虐げられてきたネガティブ令嬢は、嫁ぎ先の敵国で何故か溺愛されています~ネガティブな私がちょっぴりポジティブになるまで~

「よおうこそぉ!!ルプス帝国へ!!クラリス王女!!!」
「…………へ???」


 ゼウラウス国王は大きく手を広げてこちらにやってきた。

 そうしてそのまま私を抱きしめると、優しくぎゅっとしてくれた。

 事態ののみ込めない私は、ただただポカンとするばかり。


「もうっ!貴方、ずるいじゃないのぉ!私もぎゅっとさせて!」


 ミラ王妃もぱたぱたとやってきて、私にぎゅっとハグをする。

 そこに慌てたようにリビアが割って入る。


「国王様!王妃様!クラリス様が戸惑っていらっしゃいます!まずはスキンシップなしでご挨拶を!」


 リビアの言葉に、ゼウラウス国王とミラ王妃は楽しそうに笑う。


「はっはっは!そうだったそうだった!いかんいかん。驚かせたなぁ!」


 快活に笑うゼウラウス国王に、「やだぁ!クラリスちゃんが可愛くてつい!」とミラ王妃も笑っている。


「???????」


 一方私の頭の中ははてなマークでいっぱいである。

 これはいったいなに?どういう状況なの……?


「いやあ久しぶりだな、クラリス王女。幼少期に一度会ってからはご無沙汰だった」
「小さい頃から可愛かったけれど、こんなに綺麗になっているなんて!」

「レオもようやくクラリス王女に会えて喜んでおるわい」

 そうゼウラウス国王に言われて、咄嗟にレオナルド殿下の顔を見るけれど、相変わらず私を睨みつけるように鋭い視線を向けていた。

 いやどう見ても全然喜んでない……!!

 国王と王妃は嬉しそうに笑う。

 事態がまったくのみ込めない。

 ごほん、と慌ててそれらしく咳払いをしたゼウラウス国王は、ゆっくりと話し出す。


「クラリス王女、長旅ご苦労であった。
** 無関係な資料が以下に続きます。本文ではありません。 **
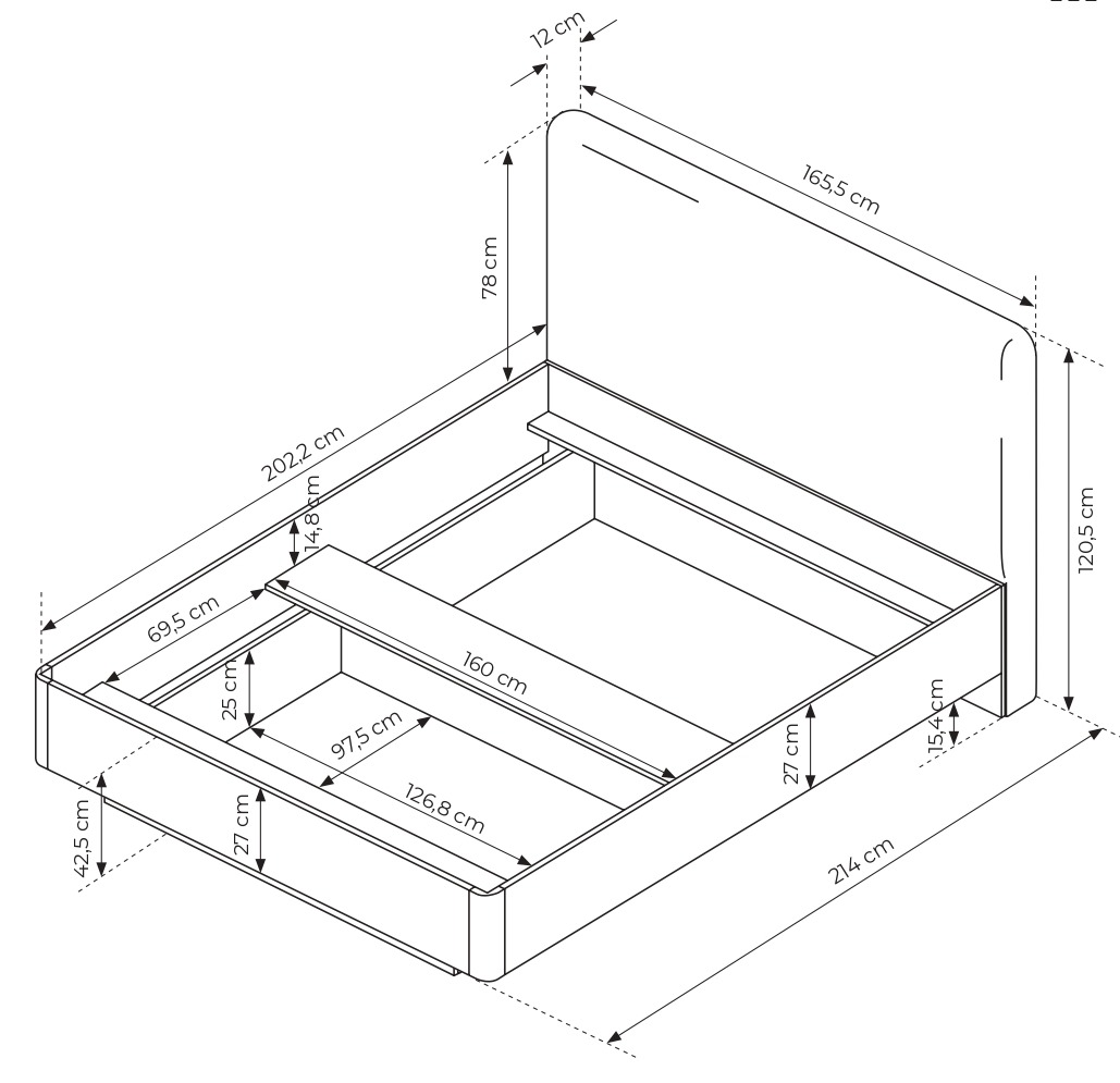 Wymiary łóżka Lante:

アレス国からは遠かったであろう」

「あ、い、いえ…」

「先の交渉により、我が国へと嫁ぐ決意をしてくれたこと、大いに感謝している」

「え?はぁ…」

「レオナルドはシャイでな。なかなか結婚相手も見つからず、やきもきしていたのだ。そんな折、クラリス王女が来てくれるとサビウスから聞いて、ルプス一同楽しみにしていたのだ」

「たの、しみ……?」


 なんだか我が国での情報とは違うように思う。


「お、恐れながら、申し上げます…」


 私が恐る恐る口を開くと、「おお、なんだ。申してみよ」とゼウラウス国王は寛大に私の言葉を聞いてくれる姿勢をとった。